For signal base line estimation a set of sparse nonlinear filters has been developed. As the signal pulses can be considered as outliers, linear operators like moving average give a strongly biased estimate . Non-linear filters perform better, producing a totally unbiased base line estimate when a sufficient window size is used. In order to overcome the problem of sorting a large number of samples, sparse structures are used: the input is obtained by downsampling the original set. The sparse filters evaluated include the OS filter, the L-filter and the Ll-filter [13,14]. The operators were optimized using the training approach.
Filter structures have been implemented in hardware as part of the FERMI readout microsystem (RD16). Some algorithms have been tested using the DataWave processor simulator developed by ITT Intermetall.
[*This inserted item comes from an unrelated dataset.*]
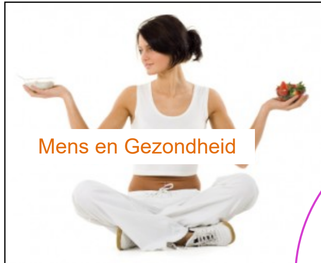
Mens en Gezondheid

DataWave is a single-chip multiprocessor system, originally designed for image processing tasks in digital television applications. Each processor cell is an autonomous RISC with local program and data stores. Due to the high level of parallelism and the optimized instruction set the DataWave processor achieves a maximum performance of 4 GOPS [12,19].
Another application of video industry developments to LHC trigger and front-end digital systems is being studied in a collaboration between LPNHE-X and Philips. The design of a circuit composed of 16 parallel 16-bit integer DSPs running at 40 MHz in pipeline mode has been completed. LPNHE-X is responsible for the data communication part, the DSP software development and the prototype tests which were started in July 1994. The study will continue with the completion of the VHDL description of the chip behaviour and the conception and realisation of VME boards with multiple L-Neuro chips for applications to calorimeter signal and level-1 trigger processing.
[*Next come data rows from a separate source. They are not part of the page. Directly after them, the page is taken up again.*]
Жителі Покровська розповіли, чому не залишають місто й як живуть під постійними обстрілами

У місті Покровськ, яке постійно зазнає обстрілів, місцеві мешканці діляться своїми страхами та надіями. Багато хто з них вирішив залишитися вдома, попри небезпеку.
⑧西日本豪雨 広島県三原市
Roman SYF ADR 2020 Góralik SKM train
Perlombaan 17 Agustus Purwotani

In Padova the Memory Address Generator (MAG) circuit has been produced using CMOS 1.2 µm technology and integrated in the FDPM modules. It allows programmable address generation at a rate of 100 MHz. A switching capacitor CMOS discriminator  suitable for LHC instrumentation has been designed and 1.2 µm CMOS prototypes tested. It runs at 66 MHz with 10 mV threshold and 20 mW power dissipation. The design is the building block for front-end ADCs.
The set of virtual instruments developed by RD12 supports CAMAC and VMEbus systems, accessed by MacVEE or CES and NI-MXI interfaces, as well as histogram, data acquisition and filter design libraries [28,29,30]. The LabVIEW packages and documentation are available by FTP: Machine caeftp, Login anonymous, Password e-mail address, Access /home/ftp/labview/CERN.LIB/.